Thursday, June 11

Multitasking Myths and the Argument for Slow Work

This guest post comes courtesy of Craig Silverman, who wrote about productivity for the September issue of Unlimited.

Science wants you to stop multitasking. Maybe that statement is a bit strong. But here’s the thing: research into distraction and productivity tends to waver between telling you that multitasking is good, and advising the exact opposite.

The latest findings suggest that multitasking is bad for you. Hell, even the Harvard Business Review and Wall Street Journal recently advised workers to slow their roll and focus on one thing at a time. With that in mind, let’s look at the recent arguments in favour of the beautiful, slow work life.

The Evils of Multitasking
The latest blow to the multitasking work ethos comes courtesy of research conducted at Stanford University and published recently in the Proceedings of the National Academy of Sciences. When contacted by Reuters for comment, here’s how one of the researchers, Eyal Ophir, explained the team’s findings:

We knew that multitasking was difficult from a cognitive perspective. We thought, ‘What’s this special ability that people have that allows them to multitask?’ … Rather than finding things that they were doing better, we found things they were doing worse.

The suggestion is that multitaskers constantly fall victim to distraction and aren’t good at blocking out stimuli in order to focus on the task at hand. They flail from one thing to the next. You need to get into a zone where you can pop in and out of the email you’re writing to answer an instant message while scanning your Twitter feed.

One issue the researchers identified is that multitaskers were susceptible to distraction by “irrelevant” things. From the study’s abstract:

Results showed that heavy media multitaskers are more susceptible to interference from irrelevant environmental stimuli and from irrelevant representations in memory. This led to the surprising result that heavy media multitaskers performed worse on a test of task-switching ability, likely due to reduced ability to filter out interference from the irrelevant task set. These results demonstrate that media multitasking, a rapidly growing societal trend, is associated with a distinct approach to fundamental information processing.

Being successful in today’s workplace requires an ability to manage distraction. This research suggests multitaskers aren’t as good at this as previously thought. But multitasking itself is a form of managed distraction, so perhaps the point is to not let yourself get too, yes, distracted by these findings.
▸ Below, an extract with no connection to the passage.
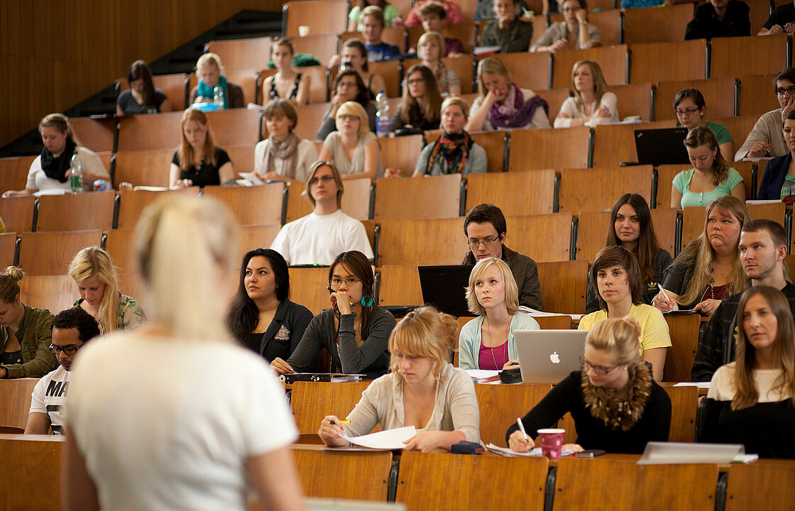 In general, face masks must be worn in HHU buildings and lecture halls. Lecturers are not required to wear face masks while teaching. Face masks can be removed while seated, provided that a minimum distance of 1.5 metres from other people can be maintained. Mask wearing is also required outdoors in cases where it is not possible to comply with social distancing rules. This applies especially to queues that may form at the beginning of the semester in particular.

Speed Does Not Equal Progress
Not long before the latest multitasking research snapped people’s attention away from multiple screens and windows, the Wall Street Journal (WSJ) carried an interesting argument in favour of slowing down. The website of the Harvard Business Review also published a piece that advocated a day of rest for all.

The Journal’s piece was adapted from the upcoming book the Tyranny of E-Mail: The Four-Thousand-Year Journey to Your Inbox, by Granta editor John Freeman. It’s more of a philosophical and emotional take on our too much, too fast world, but the message is clear: slow down or you’ll miss out on what really matters.

Given that our days are limited, our hours precious, we have to decide what we want to do, what we want to say, what and who we care about, and how we want to allocate our time to these things within the limits that do not and cannot change,” he writes. “In short, we need to slow down.

The WSJ article is an elegant paean to mindful working and living, and it’s hard to argue with the basic premise. He also makes the point that speed kills:

Employees communicating at breakneck speed make mistakes. They forget, cross boundaries that exist for a reason, make sloppy errors, offend clients, spread rumors and gossip that would never travel through offline channels, work well past the point where their contributions are helpful, burn out and break down and then have trouble shutting down and recuperating.

Freeman touches on the fact that multitasking and the always-on world of connectivity has smashed the barrier between work and personal time. This in turn has “put us under great physical and mental strain, altering our brain chemistry and daily needs. It has isolated us from the people with whom we live, siphoning us away from real-world places where we gather.”

I know, fun stuff. In the end, Freeman circles back to an argument that fits with the findings of the above study: “We can store a limited amount of information in our brains and have it at our disposal at any one time.”

Figure out how many tasks you can handle at once and your brain — and hopefully your boss — will thank you.

One Response to “Multitasking Myths and the Argument for Slow Work”

  1. Chris Rugh says:

    Showing that multi-tasking isn’t all that efficient. Why multitasking sucks?